33 fechas con 28 triunfos consecutivos. Récord total.

Un año sin perder

La victima de Parne fue Ratoes.

Y arrancamos la Primera A con una de esas historias que, a esta altura, ya parecen pertenecer al terreno de las leyendas del Verde Césped. Porque enfrente estaba Parne Kipada, el gigante de la máxima categoría, ese equipo que viene escribiendo una página detrás de otra y que ya no sabe si llamarse bicampeón, tricampeón o tetracampeón, porque los títulos se le fueron acumulando casi sin darle tiempo a la estadística para acomodarse. Copa de Oro 2025, Clausura 2025, Apertura 2026 y otra vez Copa de Oro en 2026. Cuatro conquistas consecutivas, un año calendario entero sin conocer la derrota y una máquina que, cada domingo, parece encontrar una manera distinta de seguir funcionando. Del otro lado aparecía Ratoes, recién ascendido, pero con una diferencia importante respecto de aquel equipo que venía sorprendiendo en las primeras fechas de la máxima categoría: para este partido llegaba sin sus dos figuras, esas incorporaciones que habían sido parte importante de la buena presentación del equipo en este comienzo. Sobre el papel, mirando las planillas antes de que rodara la pelota, parecía que el campeón tenía el camino un poco más despejado. Pero el fútbol, por suerte, sigue teniendo esa costumbre hermosa de no respetar demasiado los papeles.

Porque Ratoes salió a jugarlo. Y lo jugó de verdad. No se escondió, no se metió atrás esperando que pasaran los minutos y tampoco pareció intimidado por tener enfrente al equipo que lleva un año entero sin perder. En ese primer tiempo tuvo situaciones, encontró espacios y estuvo varias veces cerca de poner en aprietos al campeón. El problema es que debajo de los tres palos de Parne estaba Matata Simkin, el uno celeste, que tuvo una de esas tardes en las que el arquero también escribe parte de la crónica. Apareció cuando tenía que aparecer, respondió en distintas oportunidades y terminó siendo una de las razones por las que Ratoes se fue al descanso preguntándose cómo podía haber generado tanto y no haber convertido.

Y mientras Ratoes buscaba su premio, Parne hacía lo que hacen los grandes. No necesitó dominar cada minuto para encontrar el camino. Un remate que se desvía, una pelota que queda viva, esos pequeños accidentes que en el fútbol pueden convertirse en enormes diferencias, y ahí apareció Zorzoli, que atraviesa una racha de esas que cualquier delantero quisiera tener. La encontró en sus pies y no perdonó. Un toque, pelota adentro y 1 a 0 para Parne Kipada. Sin demasiados adornos. Como tantas veces pasa en este deporte: una jugada parece morir, la pelota toma otro rumbo y de repente el goleador está donde tiene que estar. El famoso “estar en el lugar indicado”, que en el área no es magia: también es olfato, lectura y costumbre.

Ratoes, por lo hecho durante esos primeros veinte minutos largos de partido, quizá merecía algo más. Había competido, había llegado, había obligado a trabajar al arquero rival y había demostrado que el ascenso no había sido casualidad. Pero jugar contra Parne tiene ese detalle que no perdona. Podés hacer muchas cosas bien y, aun así, encontrarte abajo en el marcador. Y ahí aparece una de las verdades más viejas del fútbol: los partidos no se ganan por merecimientos, se ganan haciendo goles. Como decía Carlos Bilardo, “el fútbol es ganar, ganar y ganar”. Y Parne, aunque por momentos haya tenido que resistir, sabía perfectamente qué hacer con la ventaja.
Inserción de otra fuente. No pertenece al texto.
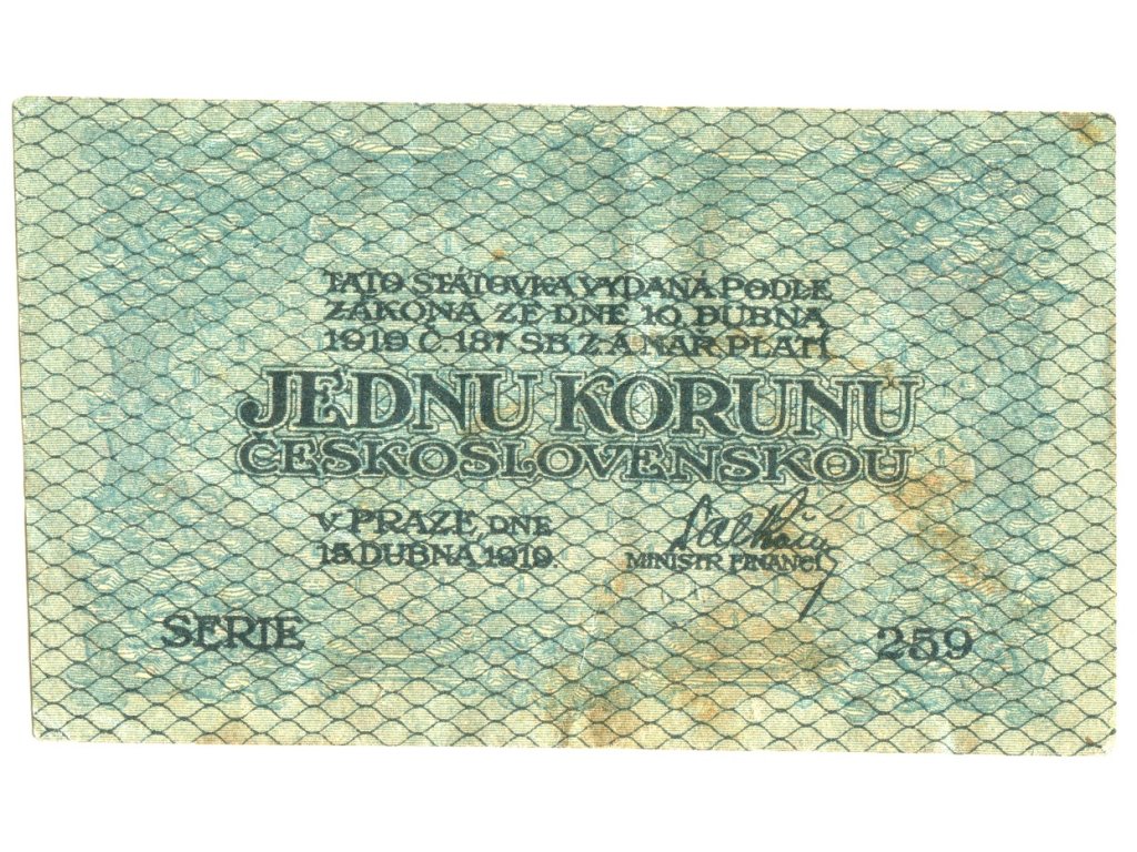 ČESKOSLOVENSKO. 1 koruna 1919. Série 259. Nov. 6.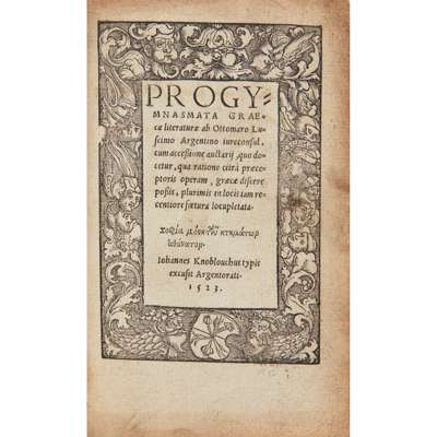 Luscinius, Ottmar. Progymnasmata graecae literaturae. Strassburg: Johannes Knobloch, 1523. [28] 87 [30] pp., woodcut border to title-page, printer's woodcut device to final page, ownership inscription 'Ego libro Joannis Harryse Scoti 12th Octobrii anno 1561' to verso of title-page, occasional early annotations and underlining, title-page dust-soiling, a few stains elsewhere [Adams L1731; VD16 N 32].

En el segundo tiempo apareció otra versión del campeón. Más decidido, más filoso, con los hermanos Palacio tomando protagonismo y empezando a marcar esa diferencia que separa a un equipo que está construyendo su historia de otro que lleva varios capítulos escritos. Ratoes siguió intentando, siguió buscando, y ahí también apareció Andrizzi, uno de esos jugadores nuevos que dejó buenas sensaciones y que mostró que el equipo tiene con qué dar pelea en esta categoría. Pero esta vez no alcanzó. Porque una cosa es jugarle de igual a igual a Parne y otra muy distinta es sostenerlo durante todo un partido. El gigante, cuando encuentra espacios, te cobra. Y cuando le das una segunda oportunidad, normalmente no te da una tercera.

Así se fue construyendo el 4 a 1 final. Un resultado que quizá cuenta una diferencia mayor a la que se vio durante buena parte de la primera mitad, pero que también explica por qué Parne Kipada está donde está. No siempre gana porque arrasa. A veces gana porque resiste. A veces porque tiene un arquero que salva las que parecen gol. A veces porque aparece Zorzoli cuando una pelota queda perdida. Y otras, como en este segundo tiempo, porque tiene jugadores capaces de transformar una situación pareja en una ventaja definitiva. Eso también es ser campeón.

Ratoes se va con la derrota, sí, pero también con algo que no aparece en la tabla: la certeza de que puede competir en Primera A. Le faltaron dos de sus nombres importantes, tuvo enfrente al equipo más poderoso de los últimos tiempos y, aun así, durante un buen tramo consiguió ponerlo incómodo. Eso vale. Porque los recién llegados no necesitan pedir permiso para quedarse; necesitan demostrar que tienen con qué. Y Ratoes, en estas primeras fechas, ya viene dejando señales.

Parne Kipada, mientras tanto, sigue haciendo lo suyo. Cuatro títulos consecutivos, un año calendario sin perder y ahora una nueva victoria para seguir estirando una historia que parece no tener demasiadas ganas de terminar. Pero detrás de cada número hay partidos, atajadas, goles, piernas cansadas, domingos, entrenamientos, compañeros que estuvieron y otros que alguna vez estuvieron. Hay una camiseta que ya pesa, porque ganar también genera una obligación: todos quieren ser el que le corte la racha al gigante. Y cada rival que se para enfrente sabe que tiene una oportunidad de hacer historia.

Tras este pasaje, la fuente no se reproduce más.